If we submit our Business Combination to our public stockholders for a vote, we will complete our Business Combination only if a majority of the outstanding shares of common stock present and entitled to vote at the meeting to approve the Business Combination are voted in favor of the Business Combination. A quorum for such meeting will consist of the holders present in person or by proxy of shares of outstanding capital stock of the company representing a majority of the voting power of all outstanding shares of capital stock of the company entitled to vote at such meeting. Our Sponsor, officers, directors, and director nominees will count towards this quorum. Our Sponsor, officers, directors, and director nominees have agreed to vote their founder shares and any public shares purchased during or after our initial public offering in favor of our Business Combination. These quorum and voting thresholds, and the voting agreements of our Sponsor, officers, directors, and director nominees may make it more likely that we will consummate our Business Combination. As a result, in addition to our initial stockholders’ founder shares, and the 100,050 shares of Class A common stock issued to underwriter, as the representative shares, we would need 142,802 or 1.43% (assuming only a quorum is present at the meeting), of the 10,005,000 public shares sold in our initial public offering to be voted in favor of a Business Combination in order to have our Business Combination approved (assuming the over-allotment option is not exercised). Additionally, each public stockholder may elect to redeem its public shares irrespective of whether they vote for or against the proposed transaction, or abstained from voting.

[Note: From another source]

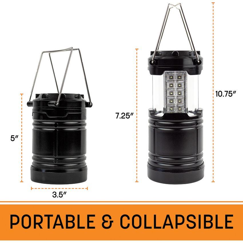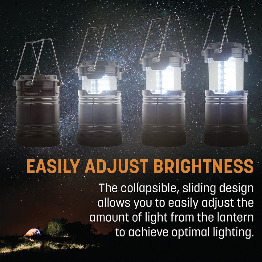 The Quick Survive portable lantern features a collapsible design that allows you to adjust the light output and size easily. Standing 10.75 inches when extended and compacting to 5 inches, it offers 360-degree illumination ideal for camping, hurricanes, power outages, and other emergencies. Its magnetic bottom ensures secure placement on metal surfaces, while the long-lasting battery provides up to 90 hours of reliable light. This lantern combines versatility and durability for expert-level preparedness in any situation.
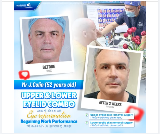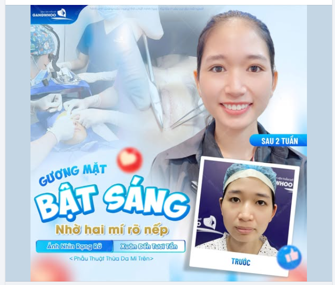 Khách hàng chia sẻ: Bạn bị sụp cơ một bên mi mắt do tại nạn, ảnh hưởng đến dây thần kinh, mí mắt dần sụp và che khuất tầm nhìn những năm gần đây. Nhờ mạng xã hội mà bạn biết đến Gangwhoo chữa trị và kết quả đã cải thiện rõ rệt

Pursuant to our amended and restated certificate of incorporation, if we are unable to complete our Business Combination within nine months from the closing of our initial public offering (or up to a total of 18 months at the election of the Sponsor, through up to nine one-month extensions beyond the initial nine (9) months provided that, pursuant to the terms of our amended and restated certificate of incorporation and the trust agreement entered into between Continental Stock Transfer & Trust Company and us, our Sponsor deposits into the trust, an additional $0.0333 per unit for each month extended totaling $333,166.50 per month under the offering of 10,005,000 million Units (yielding $2,998,498.50 assuming nine extensions, which the Sponsor is not obligated to do), or as extended by the Company’s stockholders in accordance with our amended and restated certificate of incorporation), we will (i) cease all operations except for the purpose of winding up, (ii) as promptly as reasonably possible but no more than ten business days thereafter subject to lawfully available funds therefor, redeem the public shares, at a per-share price, payable in cash, equal to the aggregate amount then on deposit in the trust account including interest earned on the funds held in the trust account and not previously released to us to pay our taxes (less up to $100,000 of interest to pay dissolution expenses), divided by the number of then outstanding public shares, which redemption will completely extinguish public stockholders’ rights as stockholders (including the right to receive further liquidating distributions, if any), subject to applicable law, and (iii) as promptly as reasonably possible following such redemption, subject to the approval of our remaining stockholders and our board of directors, dissolve and liquidate, subject in each case to our obligations under Delaware law to provide for claims of creditors and the requirements of other applicable law.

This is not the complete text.